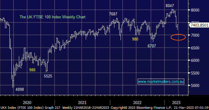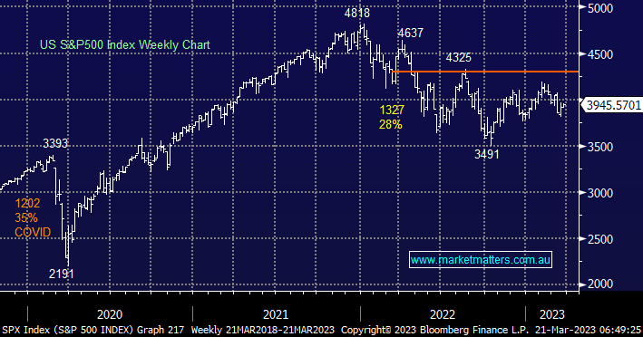 US stocks experienced another volatile session overnight but they finally closed with a flourish, the S&P500 advanced 0.9% helped by a rare positive session for the regional banks while the NASDAQ closed up +0.3%. It might surprise many purely local investors to know that the broad-based S&P500 rallied last week and it’s compounding these gains at the start of this week i.e. a very different feel to the ASX which is highly correlated to European indices and banks which has been a tough space over the last few weeks.
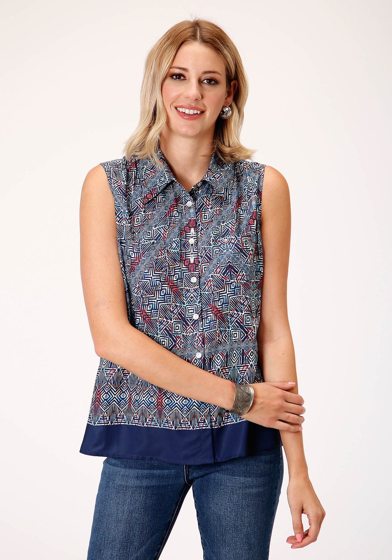 Womens Sleeveless Poly Crepe Tribal Border Print Blouse
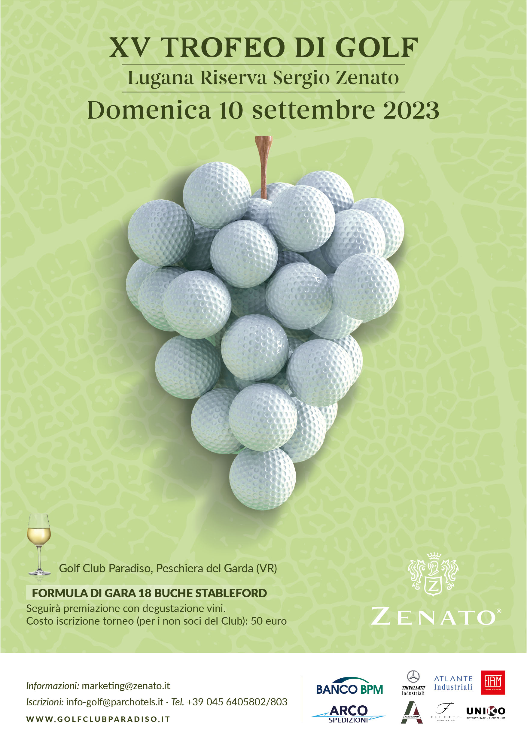 Per iscrizioni: Golf Club info-golf@parchotels.it – tel. 045 6405802-803 | marketing@zenato.it – tel. 045.7550300
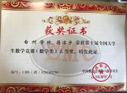 个人荣誉及获奖:2018年第十届全国老员工数学竞赛(数学类)三等奖、2017年浙江省老员工物理创新竞赛(理论)二
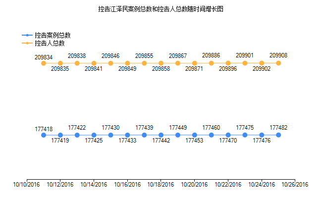 从2015年5月底到2016年10月25日,明慧网已收到总数209908名(177482案例)
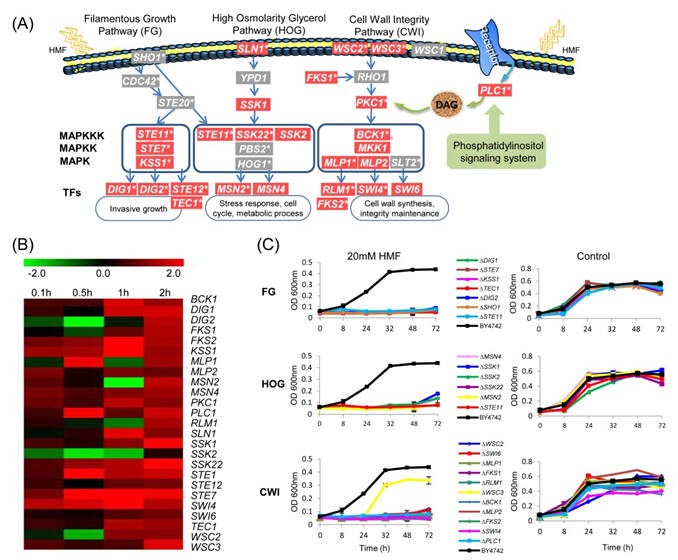 图1.工业酵母NRRL Y-12632 MAPK 信号转导通路基因组和转录组分析(A)HMF刺激后上调表达基因用红色表示;含有非同义突变的基因用*表示;(B) HMF 刺激2h基因表达;(C)含20mM HMF 培养基中单基因敲除酵母突变体生长曲线。
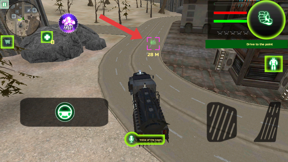 1、根据任务提示“Drive-to-the-point”,驾驶载具前往目标点,途中注意路况和距离提示。
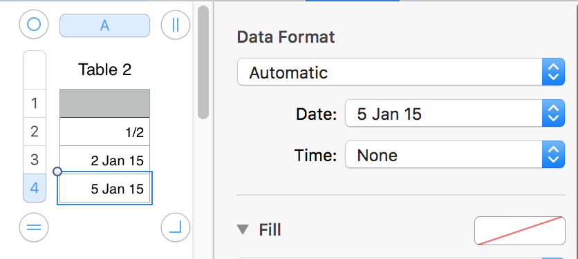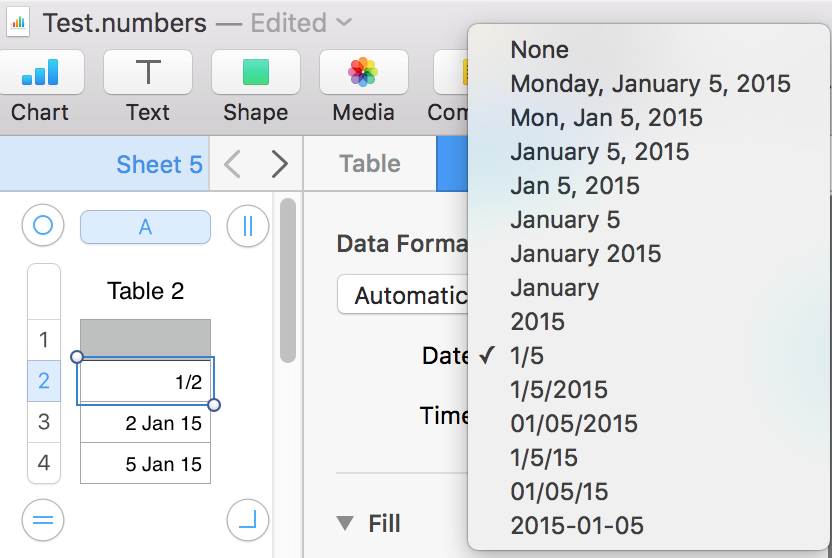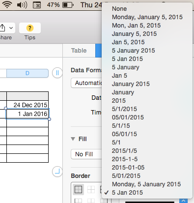 For example, if I type 24 dec 2015 or 1 jan 2016 (yes, lower case for the month works too 😉) Numbers converts them to D or DD MMM YYYY (see the ticked format at the bottom of this list:
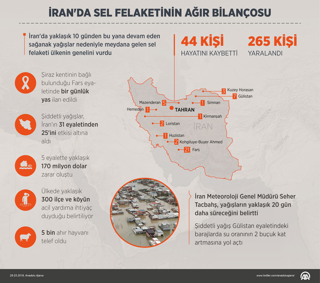 İran'da yaklaşık 10 günden buyana devam eden sağanak yağış nedeniyle meydana gelen sel felaketi ülkenin genelini vurdu, 44 kişi öldü 265 kişi yaralandı. Ülkenin 31 eyaletinden 25'ini etkisi altına alan şiddetli yağışlardan kaynaklı sel nedeniyle ülkede yaklaşık 300 ilçe ve köyün acil yardıma ihtiyaç duyduğu belirtiliyor. ( Ahmet Burak Özkan - Anadolu Ajansı )28 Mart 2019•Güncelleme: 28 Mart 2019
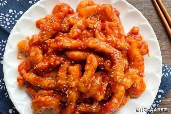 3、锅留底油,小火倒入调好的酱汁,炒至粘稠变红,倒入炸好的鸡胸肉,迅速改大火翻倍均匀即可关火;出锅前再撒些白芝麻,趁热吃,酸甜可口再美味不过!
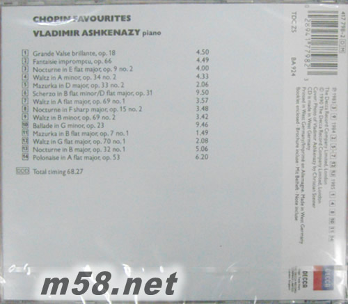 蕭邦:鋼琴名曲集 (喝采名片精選)Chopin:Chopin Favorites(m58.net) 蕭邦的鋼琴作品受歡迎的程度,早已証實(shí)了它們是全世界最風(fēng)行的古典樂曲之一,不但旋律優(yōu)美動人,也把蕭邦獨(dú)具的唯美浪漫氣質(zhì)顯露無遺。這里所收錄的「華麗大圓舞曲」、「幻想即興曲」等在蕭邦短暫生命中都佔(zhàn)有十分重要的地位,也是最要求表現(xiàn)手法,最需用心來演奏的作品,值得您用心去聆聽。
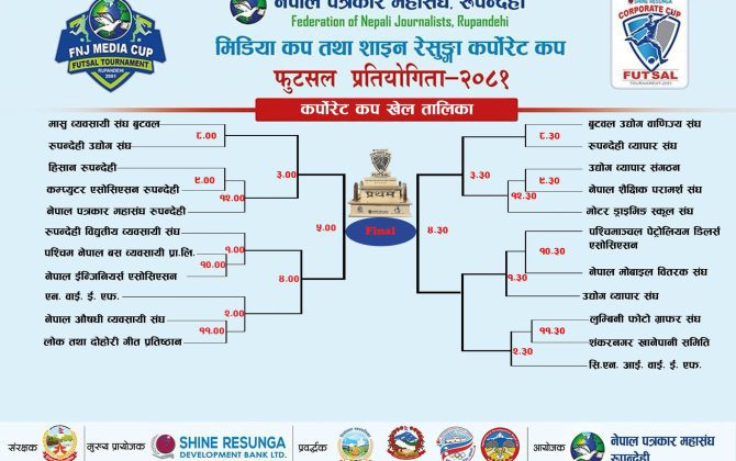 पुरा पढ्नुहोसबुटवल । नेपाल पत्रकार महासंघ रुपन्देहीको आयोजनामा आजदेखि बुटवलमा साइन रेसुङ्गा कर्पोरेट कप तथा मिडिया कप फुटसल प्रतियोगिता सुरु हुँदै छ । महासंघको ७० औँ स्थापना दिवसको अवसरमा आयोजना गरिएको प्रतियोगिता अन्तरगत आज आइतबार...

----

# Problem statement
Nothing but the pictures should be left out when the material above is copied.

# Your response
 US stocks experienced another volatile session overnight but they finally closed with a flourish, the S&P500 advanced 0.9% helped by a rare positive session for the regional banks while the NASDAQ closed up +0.3%. It might surprise many purely local investors to know that the broad-based S&P500 rallied last week and it’s compounding these gains at the start of this week i.e. a very different feel to the ASX which is highly correlated to European indices and banks which has been a tough space over the last few weeks.
 Womens Sleeveless Poly Crepe Tribal Border Print Blouse
 Per iscrizioni: Golf Club info-golf@parchotels.it – tel. 045 6405802-803 | marketing@zenato.it – tel. 045.7550300
 个人荣誉及获奖:2018年第十届全国老员工数学竞赛(数学类)三等奖、2017年浙江省老员工物理创新竞赛(理论)二
 从2015年5月底到2016年10月25日,明慧网已收到总数209908名(177482案例)
 图1.工业酵母NRRL Y-12632 MAPK 信号转导通路基因组和转录组分析(A)HMF刺激后上调表达基因用红色表示;含有非同义突变的基因用*表示;(B) HMF 刺激2h基因表达;(C)含20mM HMF 培养基中单基因敲除酵母突变体生长曲线。
 1、根据任务提示“Drive-to-the-point”,驾驶载具前往目标点,途中注意路况和距离提示。
 For example, if I type 24 dec 2015 or 1 jan 2016 (yes, lower case for the month works too 😉) Numbers converts them to D or DD MMM YYYY (see the ticked format at the bottom of this list:
 İran'da yaklaşık 10 günden buyana devam eden sağanak yağış nedeniyle meydana gelen sel felaketi ülkenin genelini vurdu, 44 kişi öldü 265 kişi yaralandı. Ülkenin 31 eyaletinden 25'ini etkisi altına alan şiddetli yağışlardan kaynaklı sel nedeniyle ülkede yaklaşık 300 ilçe ve köyün acil yardıma ihtiyaç duyduğu belirtiliyor. ( Ahmet Burak Özkan - Anadolu Ajansı )28 Mart 2019•Güncelleme: 28 Mart 2019
 3、锅留底油,小火倒入调好的酱汁,炒至粘稠变红,倒入炸好的鸡胸肉,迅速改大火翻倍均匀即可关火;出锅前再撒些白芝麻,趁热吃,酸甜可口再美味不过!
 蕭邦:鋼琴名曲集 (喝采名片精選)Chopin:Chopin Favorites(m58.net) 蕭邦的鋼琴作品受歡迎的程度,早已証實(shí)了它們是全世界最風(fēng)行的古典樂曲之一,不但旋律優(yōu)美動人,也把蕭邦獨(dú)具的唯美浪漫氣質(zhì)顯露無遺。這里所收錄的「華麗大圓舞曲」、「幻想即興曲」等在蕭邦短暫生命中都佔(zhàn)有十分重要的地位,也是最要求表現(xiàn)手法,最需用心來演奏的作品,值得您用心去聆聽。
 पुरा पढ्नुहोसबुटवल । नेपाल पत्रकार महासंघ रुपन्देहीको आयोजनामा आजदेखि बुटवलमा साइन रेसुङ्गा कर्पोरेट कप तथा मिडिया कप फुटसल प्रतियोगिता सुरु हुँदै छ । महासंघको ७० औँ स्थापना दिवसको अवसरमा आयोजना गरिएको प्रतियोगिता अन्तरगत आज आइतबार...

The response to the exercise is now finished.